▶ [Data records]
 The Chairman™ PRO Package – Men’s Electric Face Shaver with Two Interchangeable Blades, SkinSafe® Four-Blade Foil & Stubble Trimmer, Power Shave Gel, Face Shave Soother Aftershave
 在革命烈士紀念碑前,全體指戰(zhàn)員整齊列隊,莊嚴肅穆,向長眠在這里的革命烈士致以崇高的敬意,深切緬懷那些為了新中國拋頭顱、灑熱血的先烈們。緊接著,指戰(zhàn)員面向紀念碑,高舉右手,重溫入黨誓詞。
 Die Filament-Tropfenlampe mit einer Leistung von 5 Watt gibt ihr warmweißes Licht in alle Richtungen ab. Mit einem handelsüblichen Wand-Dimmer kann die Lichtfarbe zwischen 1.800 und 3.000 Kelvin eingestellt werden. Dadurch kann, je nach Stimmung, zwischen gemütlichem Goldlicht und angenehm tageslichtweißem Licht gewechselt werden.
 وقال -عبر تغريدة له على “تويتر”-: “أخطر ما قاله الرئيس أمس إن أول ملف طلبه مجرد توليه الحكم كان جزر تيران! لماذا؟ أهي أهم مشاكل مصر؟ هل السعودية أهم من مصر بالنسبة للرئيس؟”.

...

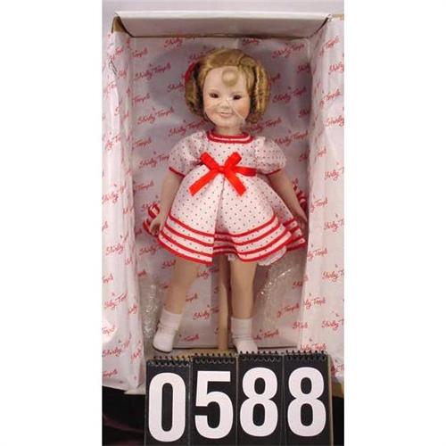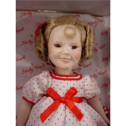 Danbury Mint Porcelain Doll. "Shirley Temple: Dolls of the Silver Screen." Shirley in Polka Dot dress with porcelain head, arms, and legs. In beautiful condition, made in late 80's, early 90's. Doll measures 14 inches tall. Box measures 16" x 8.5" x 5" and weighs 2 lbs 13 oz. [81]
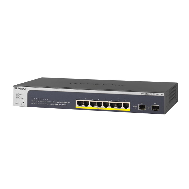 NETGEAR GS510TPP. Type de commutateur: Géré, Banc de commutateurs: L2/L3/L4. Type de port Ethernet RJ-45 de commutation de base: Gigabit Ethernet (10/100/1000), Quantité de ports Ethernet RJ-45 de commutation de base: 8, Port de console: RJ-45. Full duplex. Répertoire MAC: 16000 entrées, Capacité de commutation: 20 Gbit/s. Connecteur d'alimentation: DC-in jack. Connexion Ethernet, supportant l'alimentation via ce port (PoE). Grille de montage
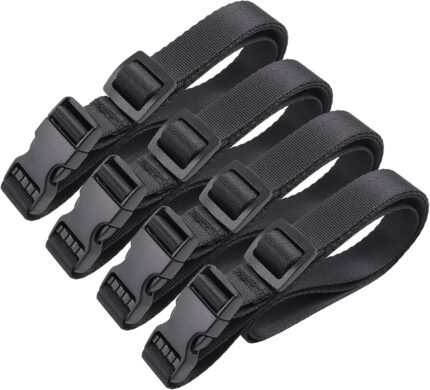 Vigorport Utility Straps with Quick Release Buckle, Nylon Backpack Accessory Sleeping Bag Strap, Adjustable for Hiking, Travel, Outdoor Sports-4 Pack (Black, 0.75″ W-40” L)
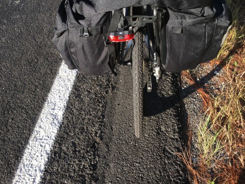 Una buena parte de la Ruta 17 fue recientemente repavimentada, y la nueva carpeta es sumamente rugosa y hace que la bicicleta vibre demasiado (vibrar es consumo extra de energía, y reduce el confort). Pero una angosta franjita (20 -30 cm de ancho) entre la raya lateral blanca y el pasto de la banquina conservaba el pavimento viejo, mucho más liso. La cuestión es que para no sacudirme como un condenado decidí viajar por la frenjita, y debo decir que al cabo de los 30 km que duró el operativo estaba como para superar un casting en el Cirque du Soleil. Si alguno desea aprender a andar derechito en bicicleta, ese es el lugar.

--

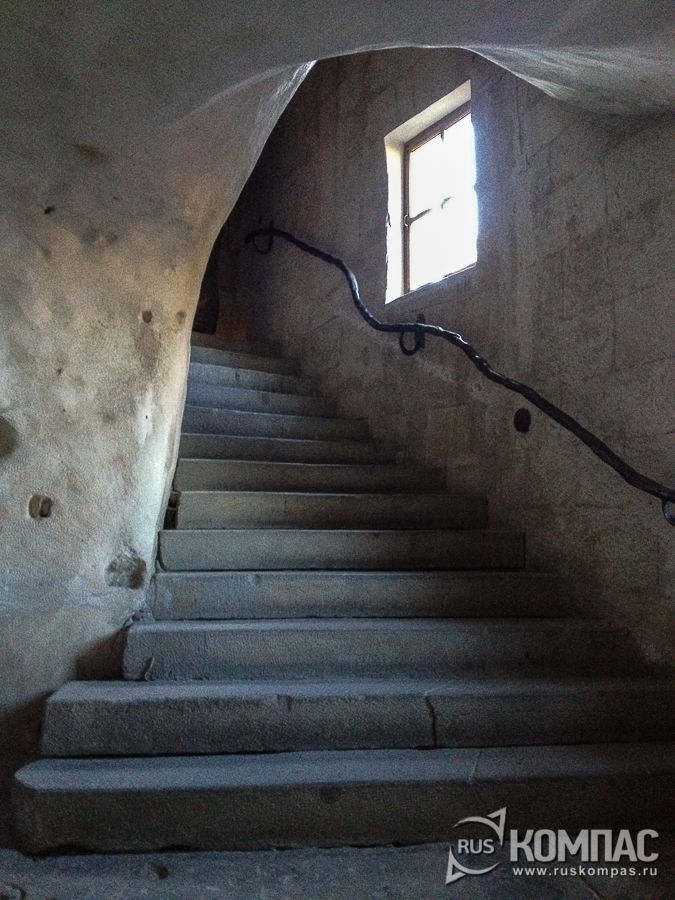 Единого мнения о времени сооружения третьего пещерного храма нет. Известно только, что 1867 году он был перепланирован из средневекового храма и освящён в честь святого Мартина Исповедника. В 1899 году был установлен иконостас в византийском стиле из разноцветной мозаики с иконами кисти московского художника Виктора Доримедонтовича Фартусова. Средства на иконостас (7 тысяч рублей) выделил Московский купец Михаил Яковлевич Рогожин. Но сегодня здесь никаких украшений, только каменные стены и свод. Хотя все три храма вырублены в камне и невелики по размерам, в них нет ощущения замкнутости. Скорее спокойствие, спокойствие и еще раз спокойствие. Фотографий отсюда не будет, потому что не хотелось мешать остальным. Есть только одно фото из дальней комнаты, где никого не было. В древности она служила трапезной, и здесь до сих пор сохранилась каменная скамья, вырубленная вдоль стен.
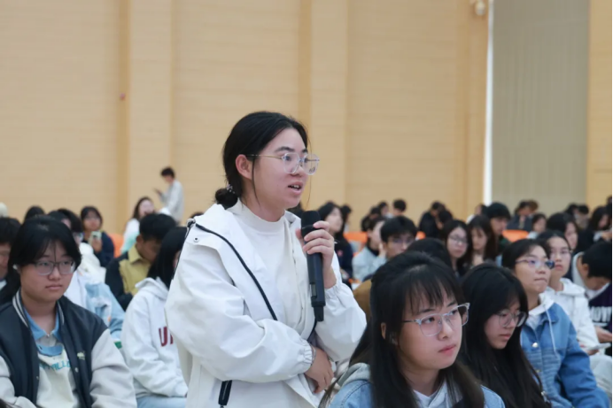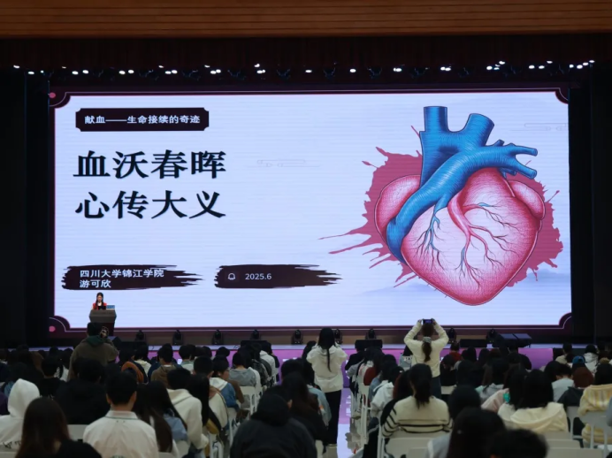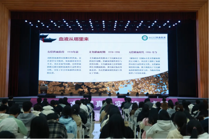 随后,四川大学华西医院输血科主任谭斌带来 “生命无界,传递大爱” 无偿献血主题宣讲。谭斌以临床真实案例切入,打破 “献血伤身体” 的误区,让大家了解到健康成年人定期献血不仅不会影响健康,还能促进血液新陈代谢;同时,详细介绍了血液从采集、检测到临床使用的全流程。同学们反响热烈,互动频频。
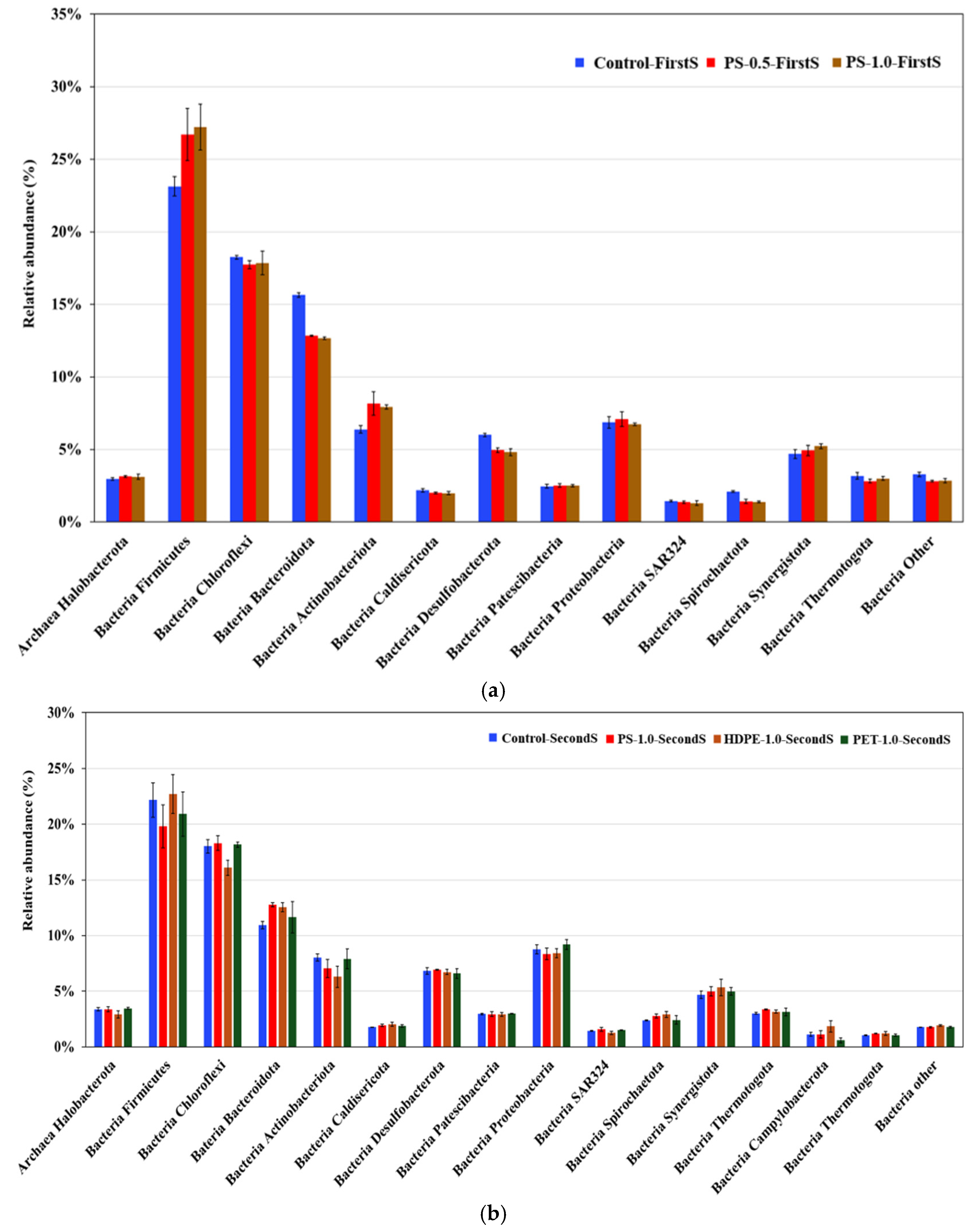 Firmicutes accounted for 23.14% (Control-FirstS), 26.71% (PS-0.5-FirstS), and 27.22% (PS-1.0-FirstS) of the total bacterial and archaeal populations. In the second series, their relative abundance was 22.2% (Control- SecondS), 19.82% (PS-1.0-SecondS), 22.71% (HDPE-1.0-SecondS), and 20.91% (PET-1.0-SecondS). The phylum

▶ [Assignment]
Which lines above run from the one containing "The Chairman™ PRO" down to the one containing "Die Filament-Tropfenlampe mit"? Repeat exactly those, both ends included, and nothing else.

▶ [Output for this task]
 The Chairman™ PRO Package – Men’s Electric Face Shaver with Two Interchangeable Blades, SkinSafe® Four-Blade Foil & Stubble Trimmer, Power Shave Gel, Face Shave Soother Aftershave
 在革命烈士紀念碑前,全體指戰(zhàn)員整齊列隊,莊嚴肅穆,向長眠在這里的革命烈士致以崇高的敬意,深切緬懷那些為了新中國拋頭顱、灑熱血的先烈們。緊接著,指戰(zhàn)員面向紀念碑,高舉右手,重溫入黨誓詞。
 Die Filament-Tropfenlampe mit einer Leistung von 5 Watt gibt ihr warmweißes Licht in alle Richtungen ab. Mit einem handelsüblichen Wand-Dimmer kann die Lichtfarbe zwischen 1.800 und 3.000 Kelvin eingestellt werden. Dadurch kann, je nach Stimmung, zwischen gemütlichem Goldlicht und angenehm tageslichtweißem Licht gewechselt werden.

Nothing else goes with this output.